Many sequence-based predictions use a slide-window approach, which is easy to implement. The essence of slide-window approach can be traced back to the fragment based prediction of protein structure, which underlies the homologous search of fragment. However, the problem of binding site prediction is different from protein structure prediction. And residues close in space that form the binding interface can be far away in sequence. In a slide-window scheme, residue neighbors far away in sequence cannot be considered. But the neighboring residues form the environment of the target residue and can determine the binding. Slide-window approach may result in a dangerous situation that the prediction of a target residue can stay the same even all its spatial neighbors have been mutated. This also explains the reason why structure-based predictions are more accurate than sequence based ones. And sequence-based predictions still have room for improvement to avoid slide window approach and fill this gap.

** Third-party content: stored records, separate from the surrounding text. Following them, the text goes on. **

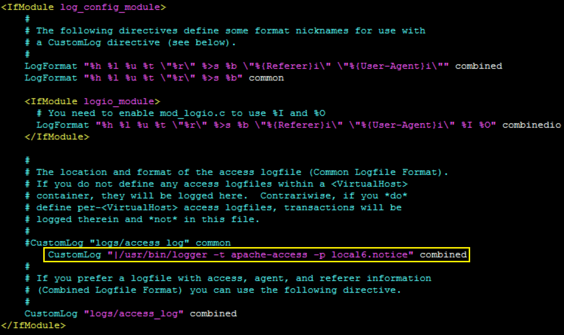 CustomLog "|/usr/bin/logger -t apache-access -p local6.notice" combined- CustomLog. The Apache access log command.
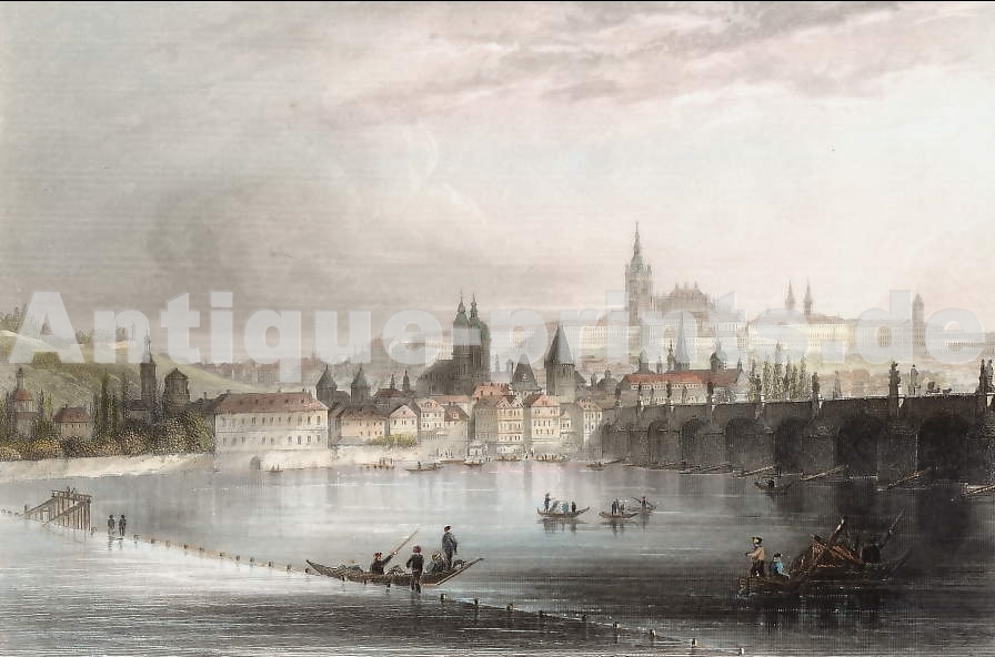India. Original steel engraving, engraved by E. Challis after S. Prout. 1833. Very good condition. Hand-coloured. 19,5x12,5cm. Matted.
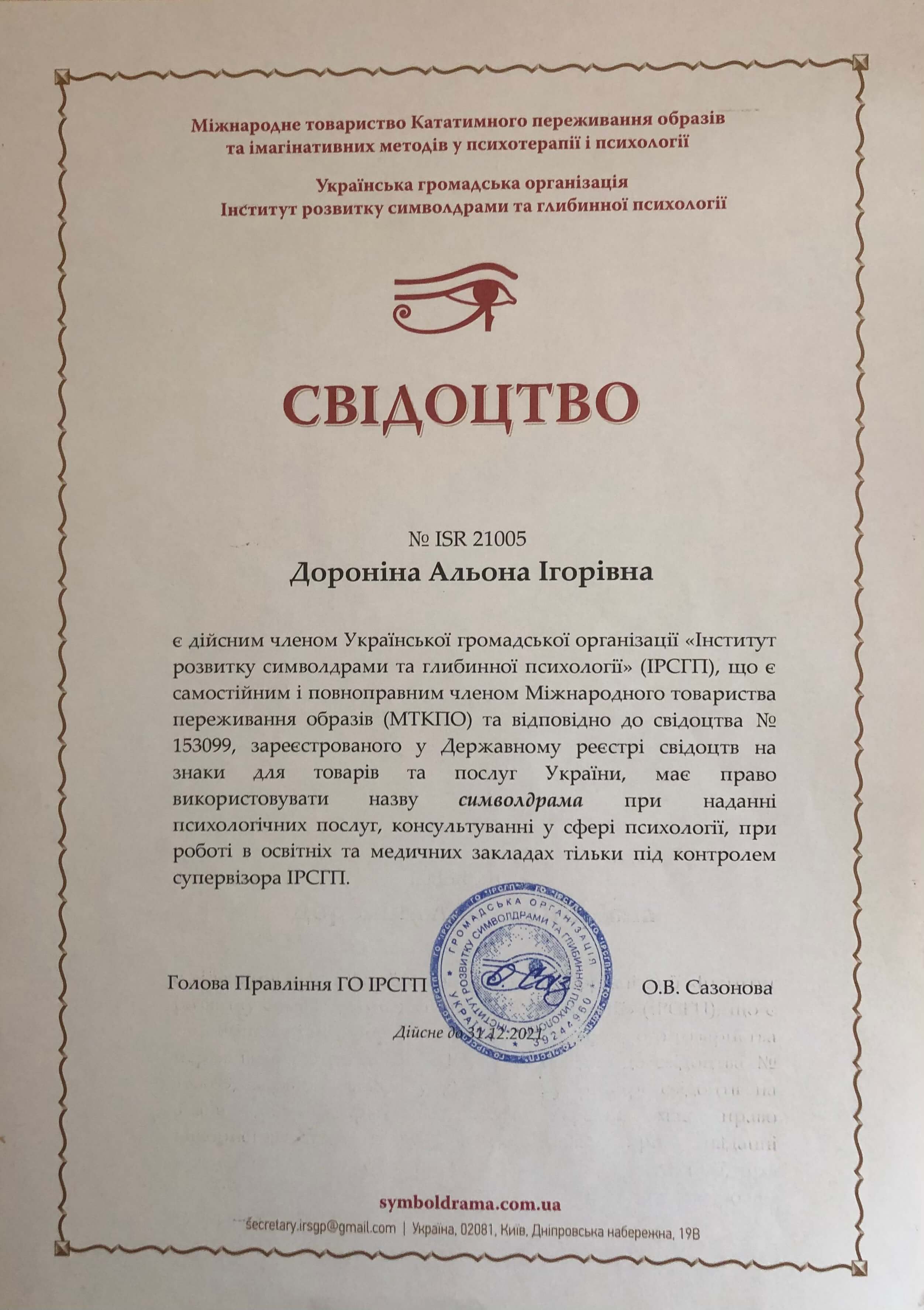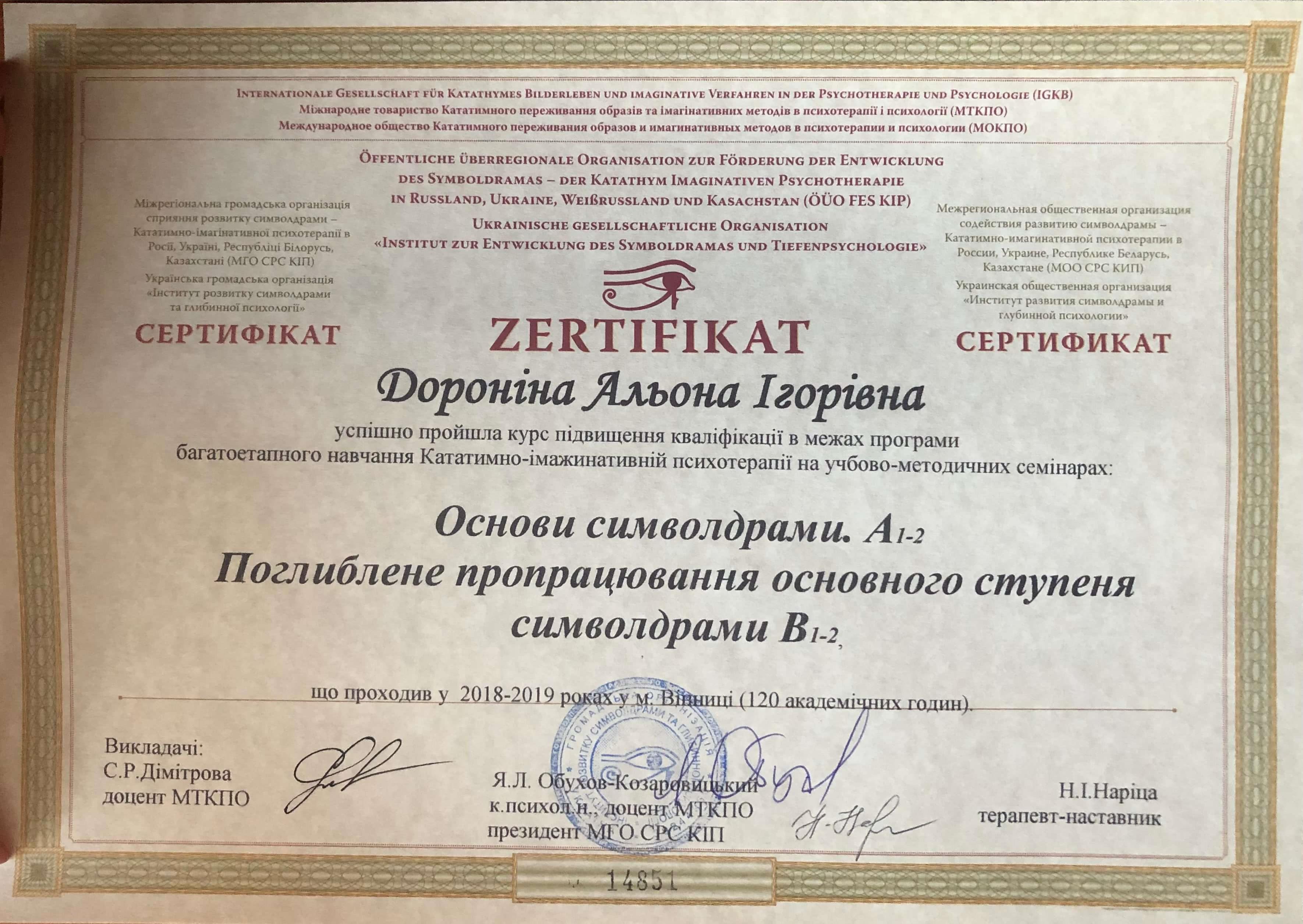 С 2018 года обучаюсь в Институте развития символдрамы и глубинной психологии - психотерапевт по методу символдрама
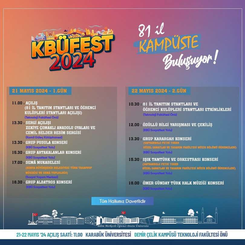 Karabük Üniversitesinin ev sahipliğinde düzenlenecek Türkiye’nin kültürel zenginlik ve çeşitliliğini ortaya koyacak KBÜFEST, 21-22 Mayıs’ta gerçekleşecek.

This Figure illustrates slide-window approach is less likely to consider real neighboring environment. Case of poly(A)-binding protein (PDB id: 1cvj chain A). Residue F102 is mutated into His, Glu and Asp. Variations around F102 is easy to comprehend but two other regions close in space are also related. RBscore consider the spatial neighbors, and show difference in region 127-129 and region 172-179. BindN+ show certain difference in the region 172-179. PPRInt and RNABindRPlus hardly show difference in prediction. Sequence-based methods are less likely to depict the effect of the mutation to the other regions far away in sequence. As demonstrated by deep mutational scanning, the single point mutation to Glu and Asp obviously make difference in the binding and should also affect other residue neighbors. Slide-window approach is difficult to capture such difference.
Similarly, template based approach is also based on homologous search and may directly use the binding sites of the template. However, when some of the neighbor residues have been mutated can directly lead to a different binding, which cannot be captured by this approach.